By way of background, at its January meeting the Board voted to change the date of its regular February meeting. Following that meeting, the President of the Board realized that he had a conflict and asked the Library Director “to poll the board to see about a different date.” All but one Trustee could attend on the newly established date, and that Trustee contended that the Board “must keep the date they voted on at their January meeting...” After a number of email exchanges, a new date on which all members could attend was established, and notice of the meeting was given, apparently in compliance with the Open Meetings Law.

Six of seven Trustees attended the rescheduled meeting; the absent Trustee, the member who did not want to change the original date of the meeting, indicated that he was too ill to attend. At the March meeting, the absent member expressed the view that the February meeting “was improper” and that all actions taken at that meeting were invalid and needed to be “revoted.”

The question is whether a “special meeting” must be held “just to vote on the date of a regular meeting.” In my view, there is no such requirement.

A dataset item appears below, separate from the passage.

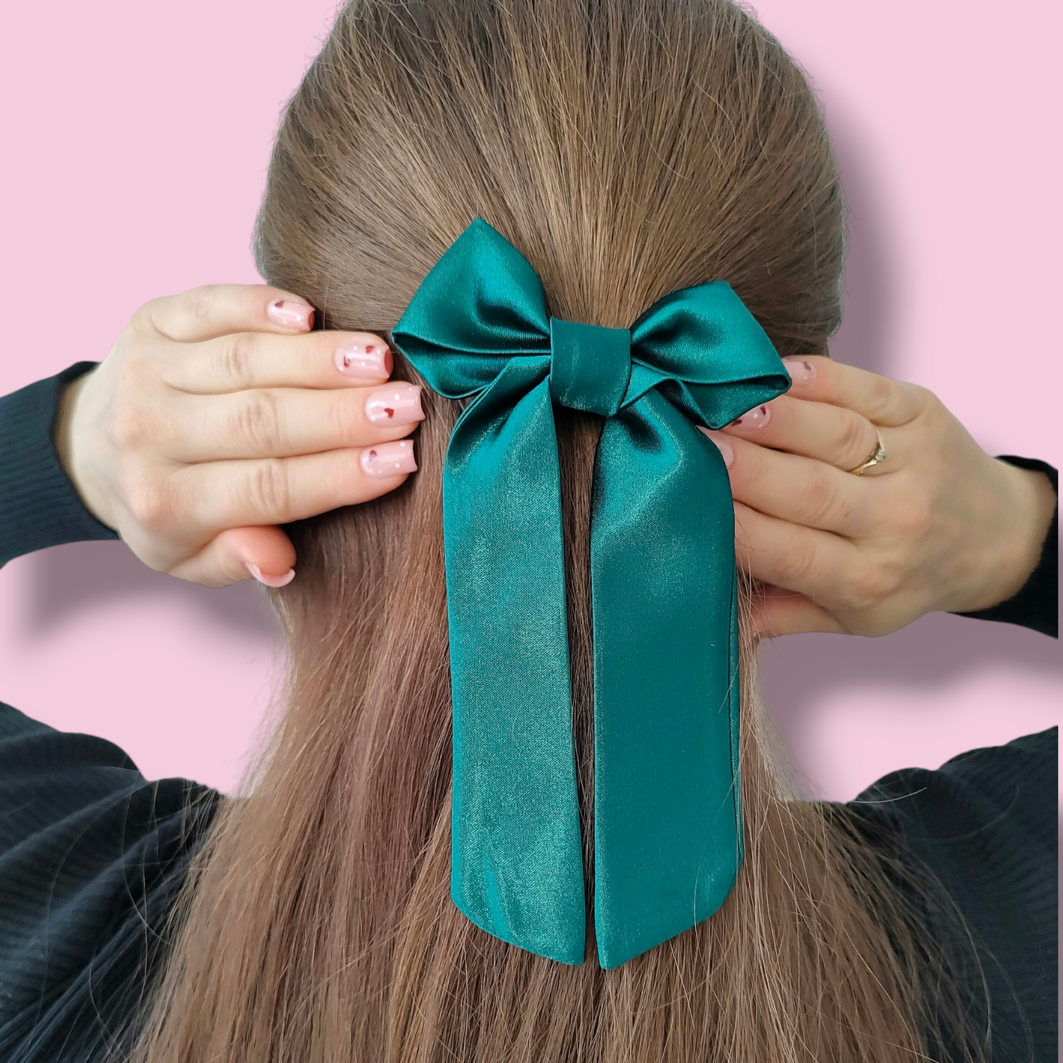 Elegancka kokarda do włosów wykonana z wysokiej jakości satyny z dodatkiem lycry, o delikatnym, subtelnym połysku. Minimalistyczny design sprawia, że doskonale pasuje zarówno do codziennych stylizacji, jak i na bardziej eleganckie okazje.

First, it is common practice for public bodies to schedule meetings through communication and methods carried out outside of meetings themselves. The Committee on Open Government is a public body, and often the only manner in which it can be ascertained whether a quorum of the Committee can attend an upcoming meeting involves contacting members via email, or formerly phone, to learn of the dates on which members would have the ability to attend. Without that capacity, the Committee and numerous other public bodies would be unable ever to schedule meetings with the certainty or even the likelihood that a quorum can be present.

Second, a “meeting”, according to the Open Meetings Law, section 102(1), is a gathering of a quorum of a public body “for the purpose of conducting public business.” In my view, an effort such as that which you described would not have involved an activity that could be characterized as “conducting public business.” The communications did not involve or reflect the business or substantive duties of the board, but rather a purely administrative function that is typically carried out by staff.

And third, it appears that notice of the meeting was given pursuant to section 104 of the Open Meetings Law and that the meeting was held open to the public. If that so, I do not believe that there would be a basis for invalidation of action taken at the meeting in question. Further, as a general matter, action taken by a public body remains valid, unless and until a court renders a contrary determination.

I hope that the foregoing serves to offer clarification and that I have been of assistance.